In what is thought to be an unprecedented ruling, a Superior Court judge in Fulton County, Ga., halted the construction of a coal-fired power plant, saying that the plant must limit its emissions of carbon dioxide.
Citing an April 2007 US Supreme Court ruling that recognizes carbon dioxide – the primary gas responsible for global warming – as a pollutant under the federal Clean Air Act, Judge Thelma Wyatt Cummings Moore overturned a lower court's decision to issue an air-pollution permit to Dynegy's Longleaf power plant near Columbus, Ga. Her decision is believed to be the first one that links global warming to an air-pollution permit.
The coal-fired power plant – the first proposed in Georgia in 20 years – cannot begin construction until it can obtain a valid permit that complies with the court's ruling.
The 19-page ruling [PDF via GreenLaw] says that "[t]here is no dispute that the proposed power plant would be a 'major emitting facility' as defined by the [Clean Air] Act," requiring that the plant must incorporate the "best available control technology" to limit carbon dioxide emissions.
GreenLaw says that the proposed plant would emit 9 million tons of CO2 each year – the equivalent of 1.3 million cars. The firm also notes that a typical coal-fired plant emits 3.7 million tons annually, according to the Union of Concerned Scientists.
The Atlanta-Journal Constitution quotes opponents of the plant who hail the groundbreaking decision:
"We think this is the beginning of the end of conventional coal-fired power plants, because of the enormity of their emissions," said Bruce Nilles, director of the Sierra Club's national campaign against coal.
Of the 80 coal plants in the permitting process nationwide, about 30 are in active litigation, Nilles said. The Sierra Club is fighting coal plants across the country and was one of the petitioners in the Georgia case.
"Our state can find other ways to produce cleaner, more economically beneficial energy," said Patty Durand, director of the Georgia Chapter of the Sierra Club. "Other states are doing it. Why can't we?"

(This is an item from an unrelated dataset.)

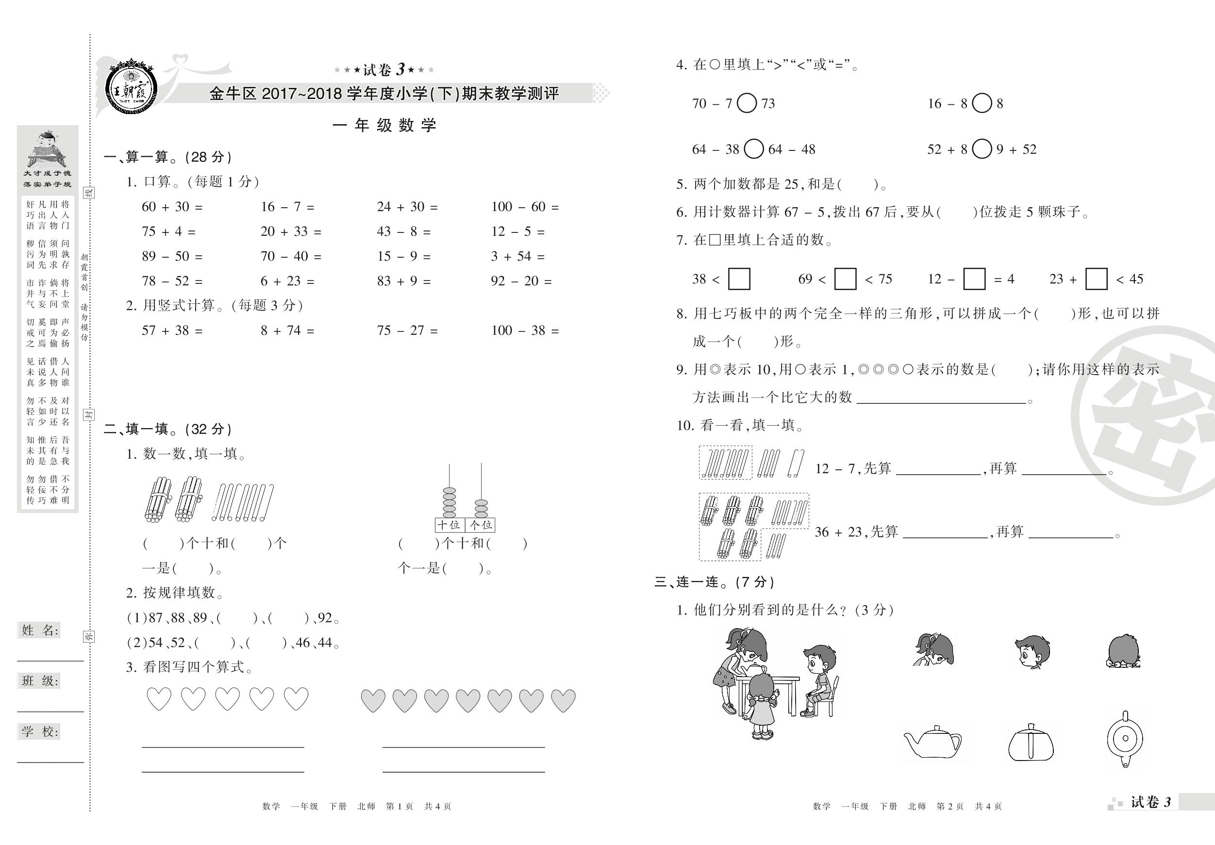 2017-2018学年第二学期成都市金牛区一年级数学试卷(北师版)【3】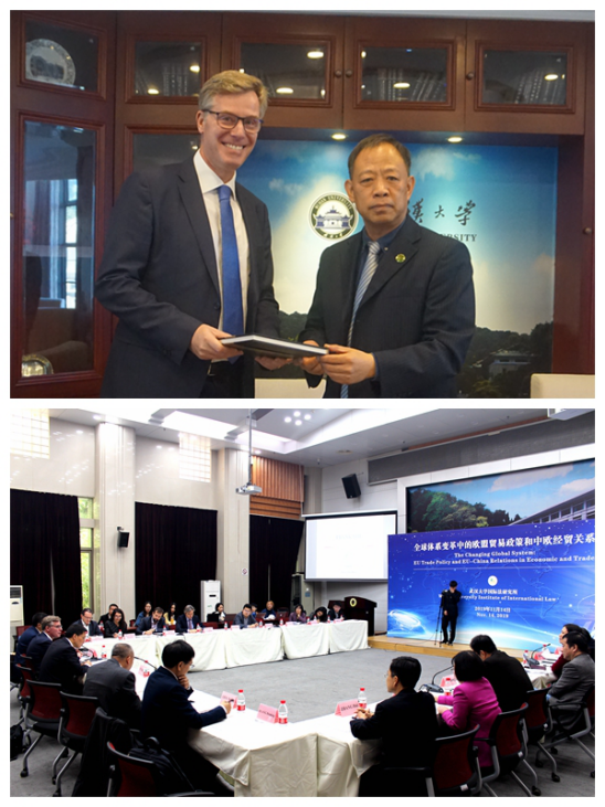 On November 14, 2019, the Seminar on "EU trade policy and China-EU economic and trade relations in the global system reform" was successfully held in the 120 hall of the law school. The guests of this round table seminar mainly include officials from the trade remedy department of the Council of Europe and the delegation of the European Union to China, officials from the trade remedy bureau of the Ministry of Commerce of China and the Department of Commerce of Hubei Province, experts and scholars from the Chinese Academy of Social Sciences and Beijing Normal University, etc.. Professor Xiao Yongping, the director of the research institute of international law of Wuhan University, professor Nie Jianqiang, professor Zhang Hui, professor Li Xueping, professor Qi Tong, associate professor Xiao Jun, associate professor Liao Li, associate researcher Zhu Lei, assistant researcher Xu Jia and assistant researcher Peng Qinxuan also attended the discussion.

Robert Wyman, a partner in the Los Angeles office of Latham & Watkins, the law firm, who has represented power producers in previous cases, said of the decision: “I would be surprised if it had much of an impact. I’m not sure other jurisdictions will pick up that opinion.” He said that, despite the Supreme Court finding, federal regulators had not issued the finding required before a pollutant can be regulated.
Vickie Patton, the deputy general counsel at the Environmental Defense Fund, however, argued that the judge’s reasoning might prove persuasive to other courts facing similar issues.
The Knight Science Journalism Tracker – an insider blog for science writers – is skeptical that the ruling will stick:
Big coal has BIG money, as do the utilities that burn its product, and as does industry and, most important, as does the general public. None are at all resigned to blackouts and rolling brownouts and soaring electricity bills while coal capture and sequestration technologies remain good ideas with absolutely no full-scale prototype operations, anywhere.